• **What the task asks**:
In the records below, find the line containing "10月30日,《中国社会科学" and the line containing "Professor Gill von". Give again exactly those lines and every line between them, omitting the pictures.

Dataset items
____
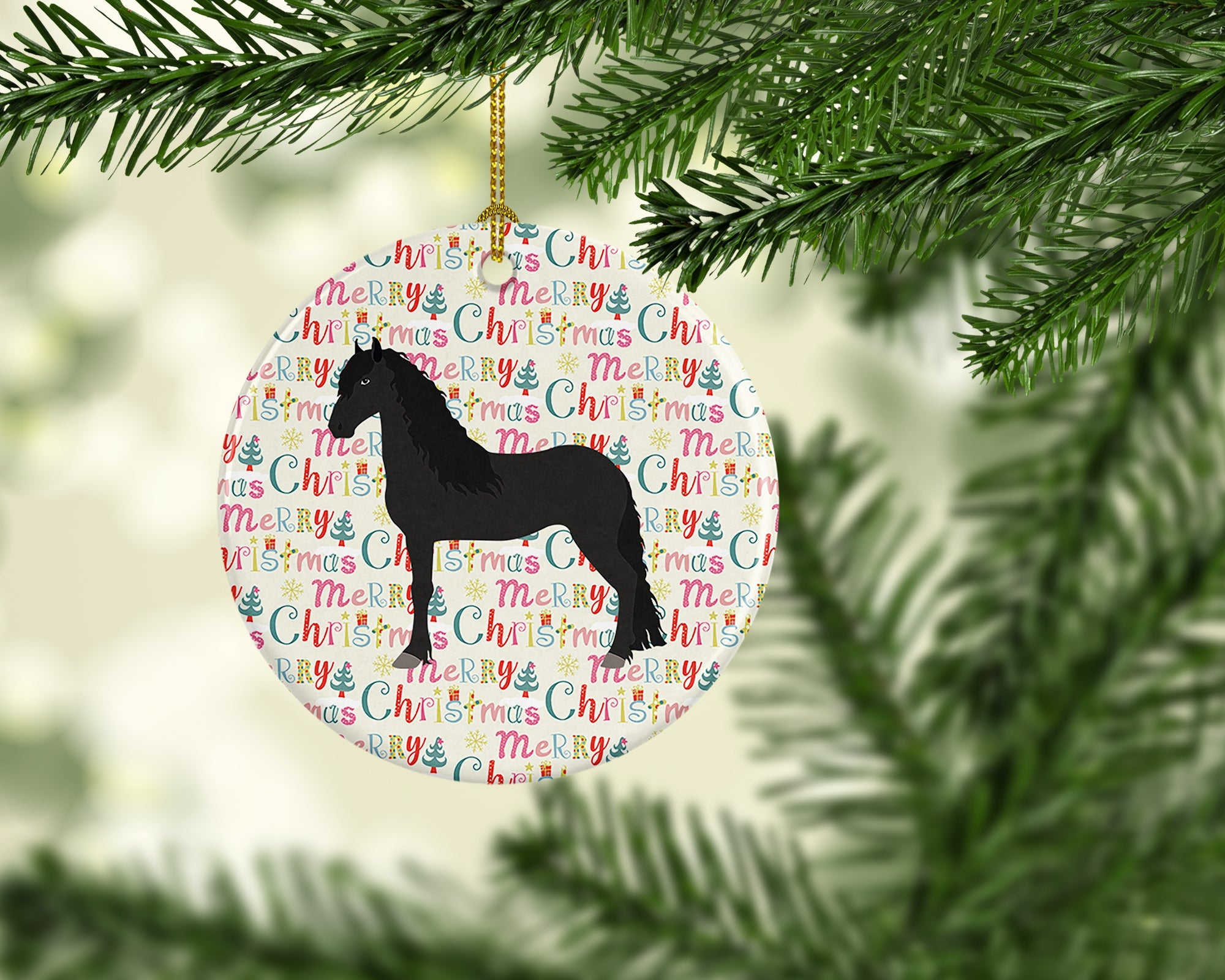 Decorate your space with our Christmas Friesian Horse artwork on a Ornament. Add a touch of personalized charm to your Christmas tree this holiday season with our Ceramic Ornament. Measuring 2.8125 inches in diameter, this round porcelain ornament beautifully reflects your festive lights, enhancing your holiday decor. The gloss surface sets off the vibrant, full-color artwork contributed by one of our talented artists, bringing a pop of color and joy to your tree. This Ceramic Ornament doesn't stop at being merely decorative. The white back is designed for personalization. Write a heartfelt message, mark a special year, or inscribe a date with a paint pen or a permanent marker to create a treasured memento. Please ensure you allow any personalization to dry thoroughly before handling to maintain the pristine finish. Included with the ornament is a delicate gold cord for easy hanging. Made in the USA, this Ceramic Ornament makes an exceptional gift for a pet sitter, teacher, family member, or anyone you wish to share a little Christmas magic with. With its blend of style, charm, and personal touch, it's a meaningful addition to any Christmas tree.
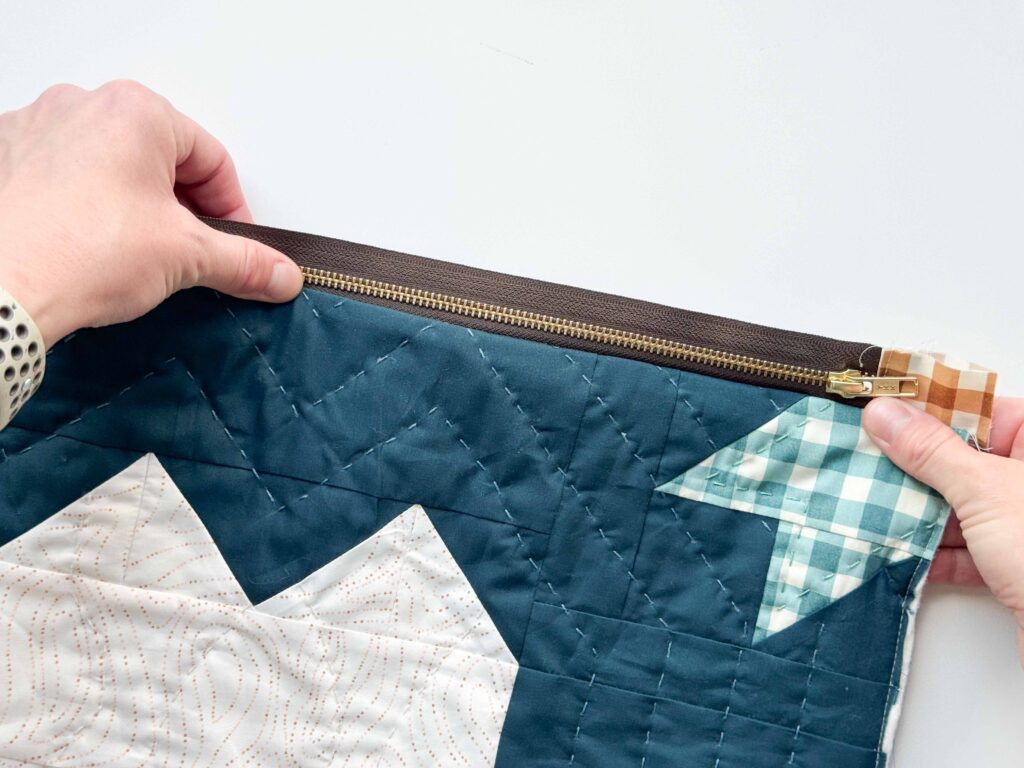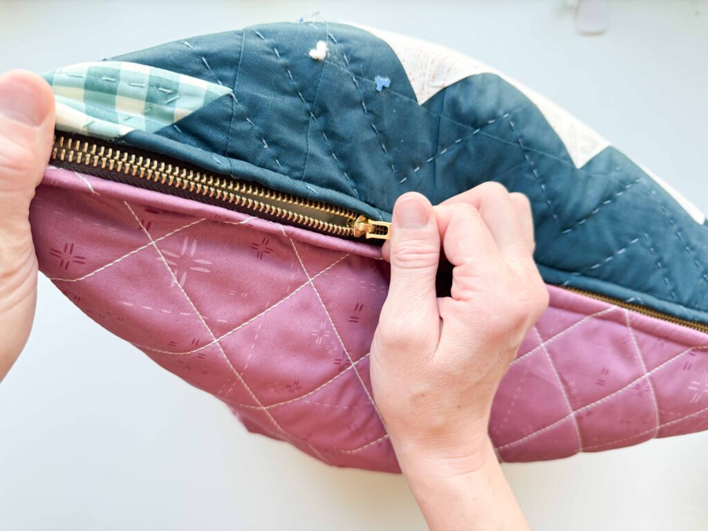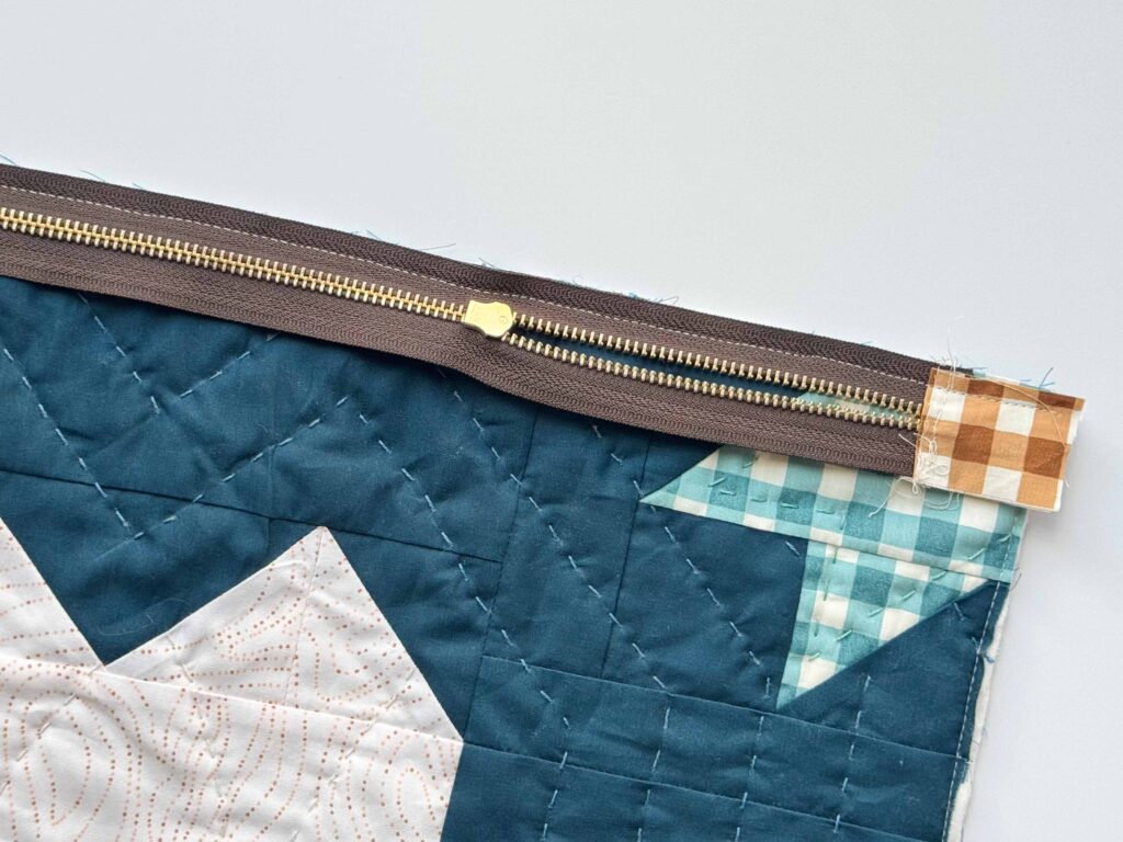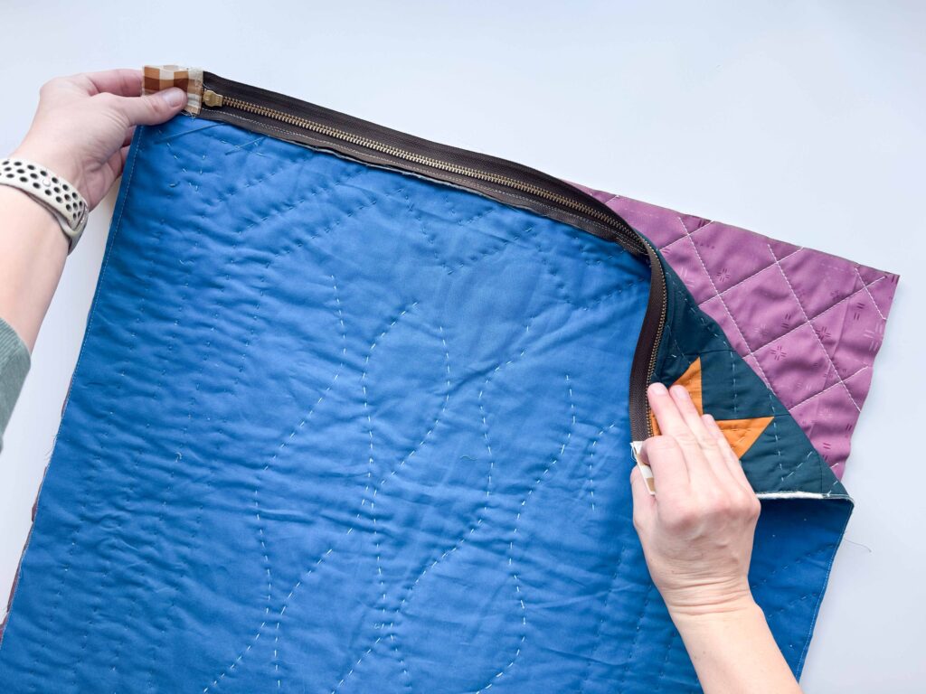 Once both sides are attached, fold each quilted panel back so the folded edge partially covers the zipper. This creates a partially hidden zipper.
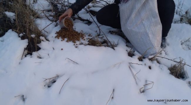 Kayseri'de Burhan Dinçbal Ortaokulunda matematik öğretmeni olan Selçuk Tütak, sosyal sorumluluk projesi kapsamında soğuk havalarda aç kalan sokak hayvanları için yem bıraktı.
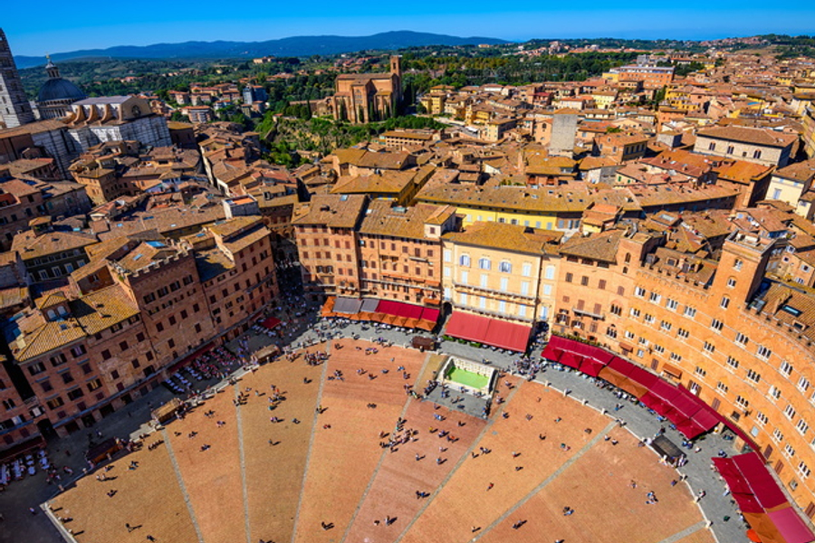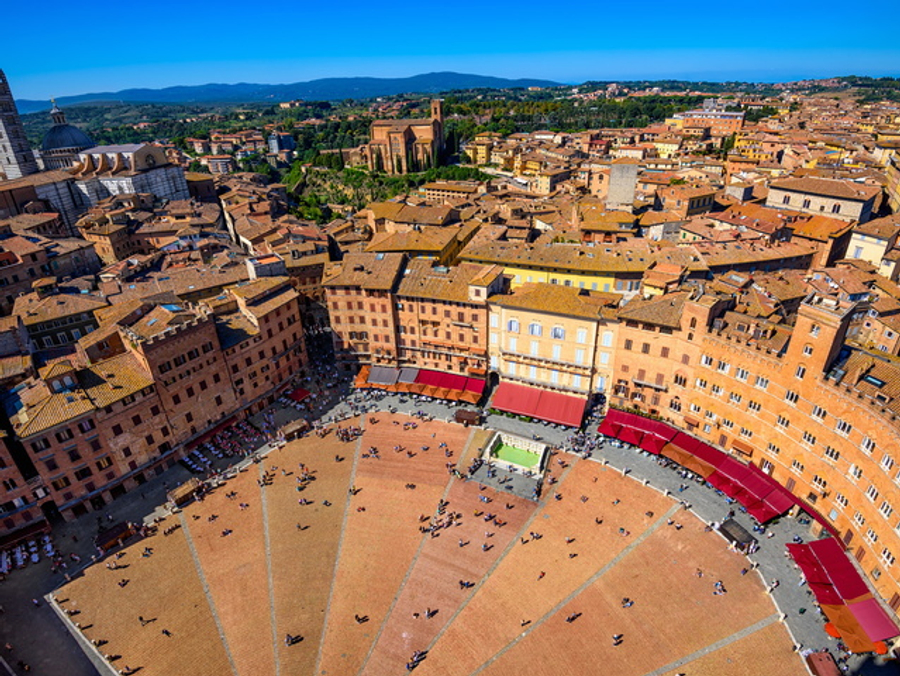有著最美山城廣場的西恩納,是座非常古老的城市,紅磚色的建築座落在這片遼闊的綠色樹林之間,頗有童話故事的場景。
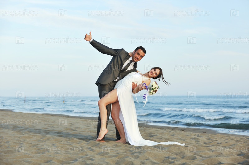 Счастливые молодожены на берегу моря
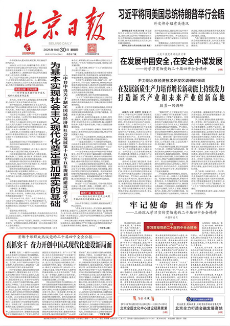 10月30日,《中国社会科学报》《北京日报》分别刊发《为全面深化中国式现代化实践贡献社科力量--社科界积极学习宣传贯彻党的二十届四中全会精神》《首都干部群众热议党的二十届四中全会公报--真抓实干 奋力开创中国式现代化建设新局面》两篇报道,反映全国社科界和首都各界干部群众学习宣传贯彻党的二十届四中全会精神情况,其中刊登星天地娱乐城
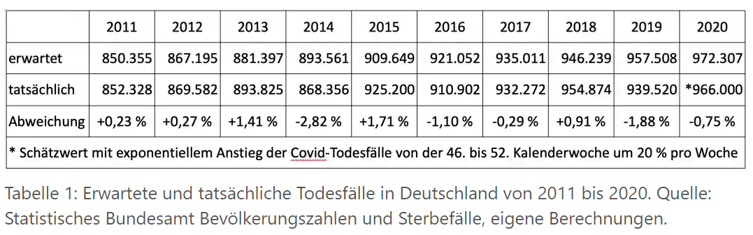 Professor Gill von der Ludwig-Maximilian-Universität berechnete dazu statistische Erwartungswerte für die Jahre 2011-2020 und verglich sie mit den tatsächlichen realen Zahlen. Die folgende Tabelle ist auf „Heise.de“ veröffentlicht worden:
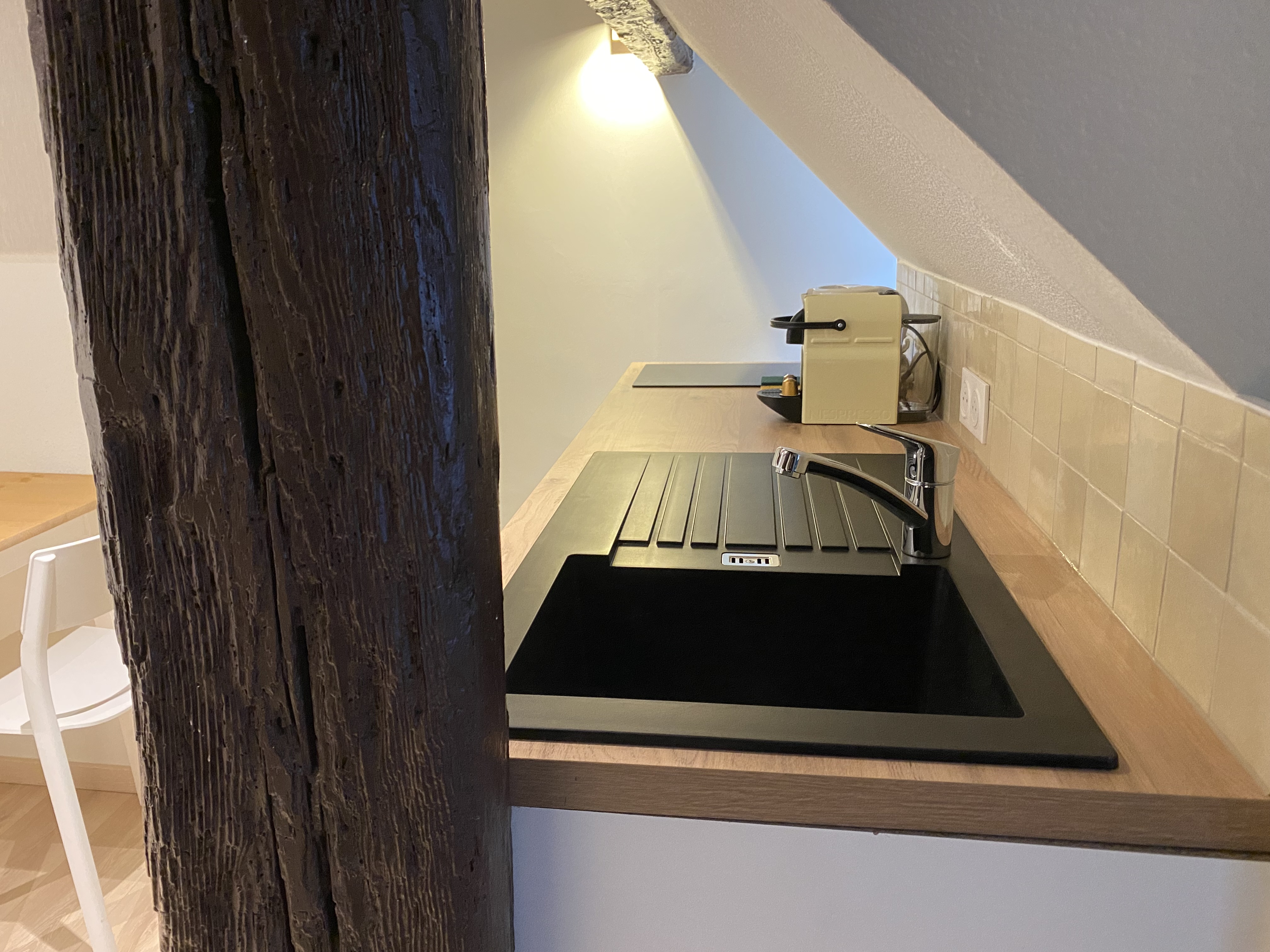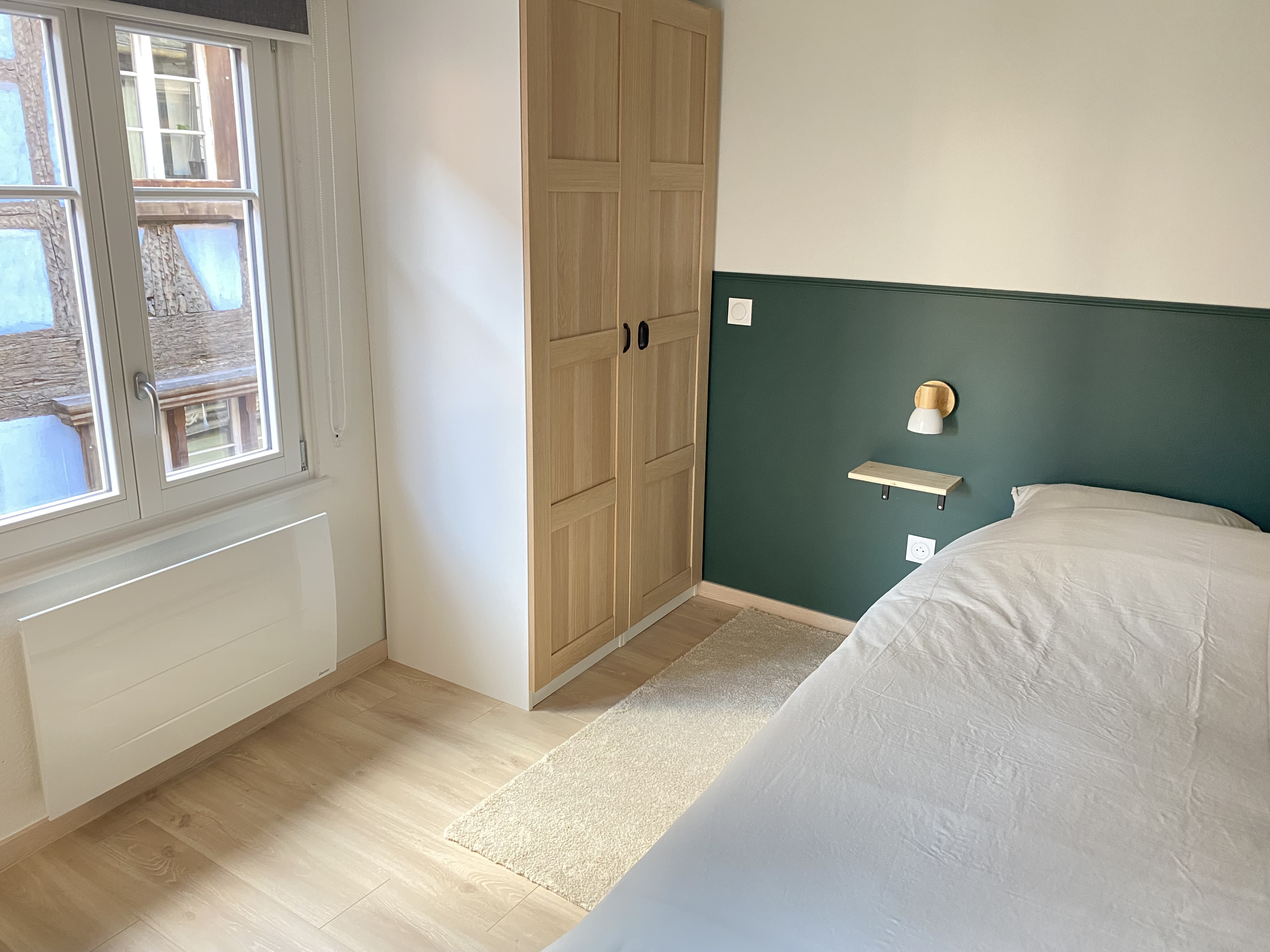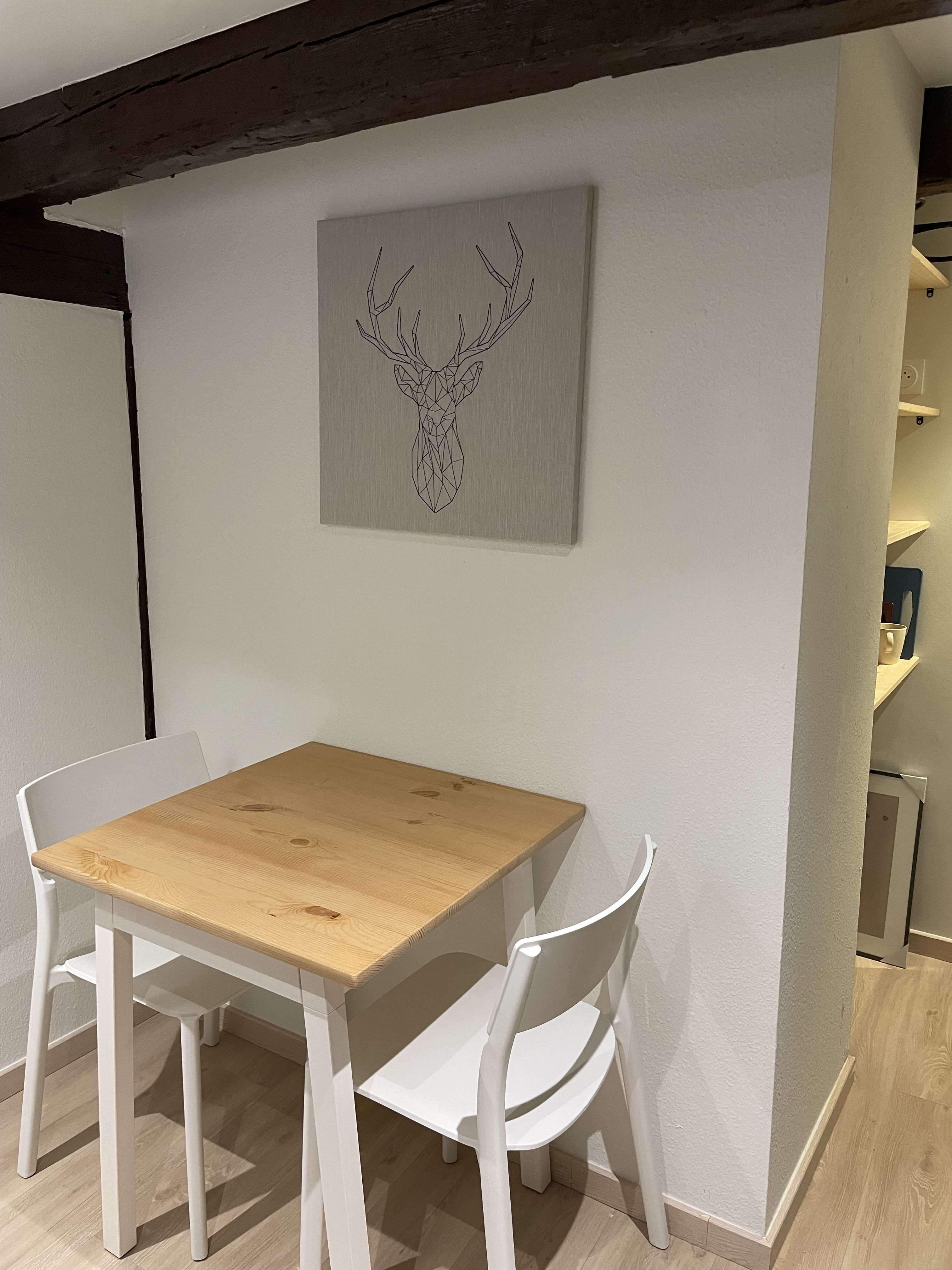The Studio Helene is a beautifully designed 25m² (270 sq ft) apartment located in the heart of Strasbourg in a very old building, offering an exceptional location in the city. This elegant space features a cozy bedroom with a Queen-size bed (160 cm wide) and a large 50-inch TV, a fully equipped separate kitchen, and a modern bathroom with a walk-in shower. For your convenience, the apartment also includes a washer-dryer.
____
• **Answer to this exercise**:
 10月30日,《中国社会科学报》《北京日报》分别刊发《为全面深化中国式现代化实践贡献社科力量--社科界积极学习宣传贯彻党的二十届四中全会精神》《首都干部群众热议党的二十届四中全会公报--真抓实干 奋力开创中国式现代化建设新局面》两篇报道,反映全国社科界和首都各界干部群众学习宣传贯彻党的二十届四中全会精神情况,其中刊登星天地娱乐城
 Professor Gill von der Ludwig-Maximilian-Universität berechnete dazu statistische Erwartungswerte für die Jahre 2011-2020 und verglich sie mit den tatsächlichen realen Zahlen. Die folgende Tabelle ist auf „Heise.de“ veröffentlicht worden:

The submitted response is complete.